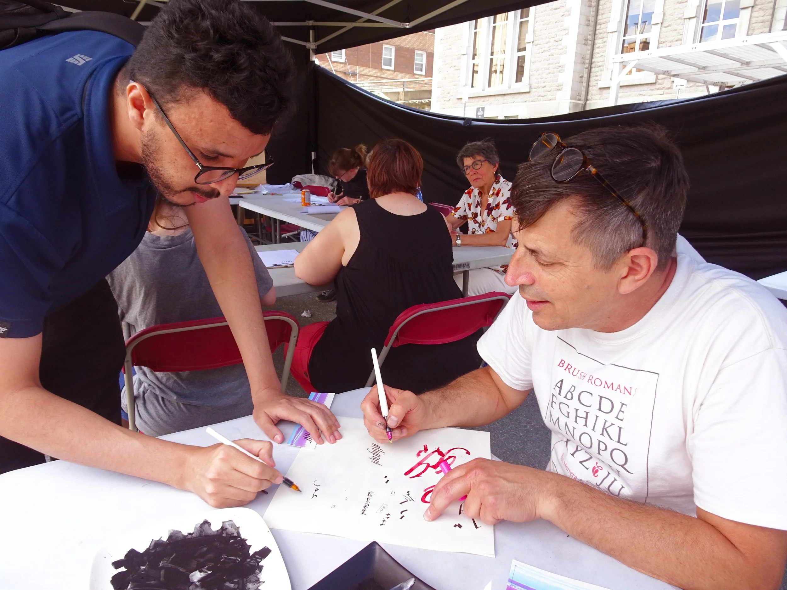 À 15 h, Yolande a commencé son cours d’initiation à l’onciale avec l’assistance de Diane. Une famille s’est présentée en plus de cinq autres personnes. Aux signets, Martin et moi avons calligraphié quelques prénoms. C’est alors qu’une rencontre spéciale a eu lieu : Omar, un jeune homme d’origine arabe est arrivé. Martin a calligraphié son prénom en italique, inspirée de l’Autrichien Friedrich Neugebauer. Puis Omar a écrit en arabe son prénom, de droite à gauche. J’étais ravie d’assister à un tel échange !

++++++++++++++++++++

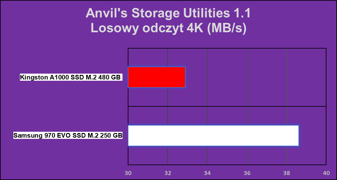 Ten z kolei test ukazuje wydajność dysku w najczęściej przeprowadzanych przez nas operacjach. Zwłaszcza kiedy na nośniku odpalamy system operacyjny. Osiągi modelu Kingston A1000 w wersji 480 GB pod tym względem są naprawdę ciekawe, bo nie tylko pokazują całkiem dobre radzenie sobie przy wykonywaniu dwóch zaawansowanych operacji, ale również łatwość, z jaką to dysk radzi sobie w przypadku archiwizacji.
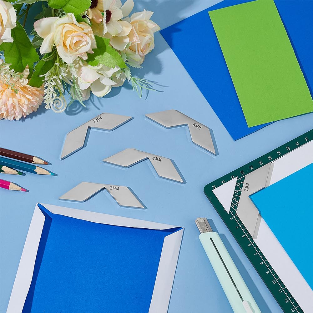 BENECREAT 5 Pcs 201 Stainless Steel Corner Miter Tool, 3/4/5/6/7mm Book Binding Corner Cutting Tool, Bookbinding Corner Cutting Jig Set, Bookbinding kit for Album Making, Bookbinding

++++++++++++++++++++

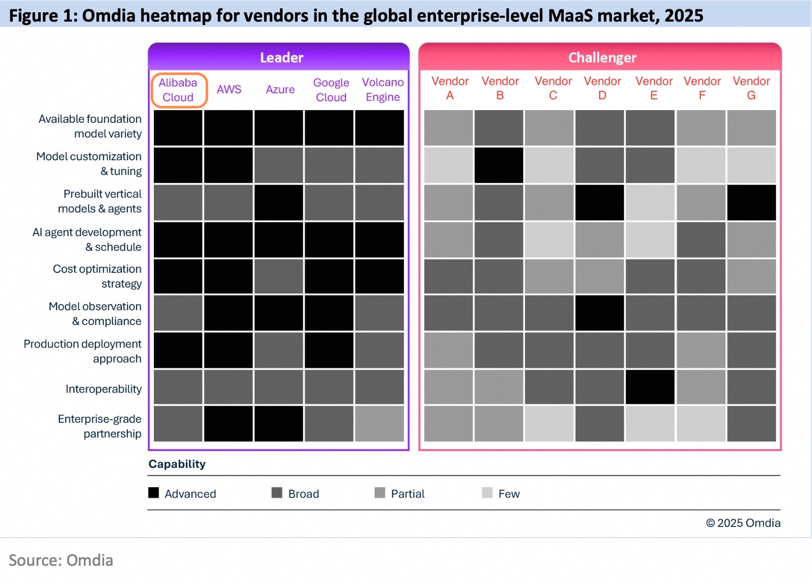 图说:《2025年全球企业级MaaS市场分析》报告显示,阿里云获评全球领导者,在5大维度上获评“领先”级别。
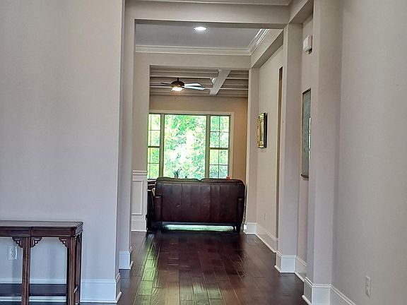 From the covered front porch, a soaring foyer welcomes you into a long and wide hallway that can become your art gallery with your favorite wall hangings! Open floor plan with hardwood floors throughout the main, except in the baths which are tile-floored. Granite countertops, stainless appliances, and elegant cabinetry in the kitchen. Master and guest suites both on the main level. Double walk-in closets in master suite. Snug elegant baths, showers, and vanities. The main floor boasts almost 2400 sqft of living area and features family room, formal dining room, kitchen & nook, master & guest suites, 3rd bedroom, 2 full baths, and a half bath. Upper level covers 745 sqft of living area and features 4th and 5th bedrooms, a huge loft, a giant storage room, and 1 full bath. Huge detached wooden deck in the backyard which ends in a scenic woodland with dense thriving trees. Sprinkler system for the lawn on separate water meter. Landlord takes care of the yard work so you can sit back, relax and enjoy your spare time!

++++++++++++++++++++

_WHAT THE TASK REQUIRES_
In the entries above, find the line with "图说:《2025年全球企业级" and the line with "From the covered". Write out exactly those two lines and every line between them, pictures excluded.

_RESULT OF THIS TASK_
 图说:《2025年全球企业级MaaS市场分析》报告显示,阿里云获评全球领导者,在5大维度上获评“领先”级别。
 From the covered front porch, a soaring foyer welcomes you into a long and wide hallway that can become your art gallery with your favorite wall hangings! Open floor plan with hardwood floors throughout the main, except in the baths which are tile-floored. Granite countertops, stainless appliances, and elegant cabinetry in the kitchen. Master and guest suites both on the main level. Double walk-in closets in master suite. Snug elegant baths, showers, and vanities. The main floor boasts almost 2400 sqft of living area and features family room, formal dining room, kitchen & nook, master & guest suites, 3rd bedroom, 2 full baths, and a half bath. Upper level covers 745 sqft of living area and features 4th and 5th bedrooms, a huge loft, a giant storage room, and 1 full bath. Huge detached wooden deck in the backyard which ends in a scenic woodland with dense thriving trees. Sprinkler system for the lawn on separate water meter. Landlord takes care of the yard work so you can sit back, relax and enjoy your spare time!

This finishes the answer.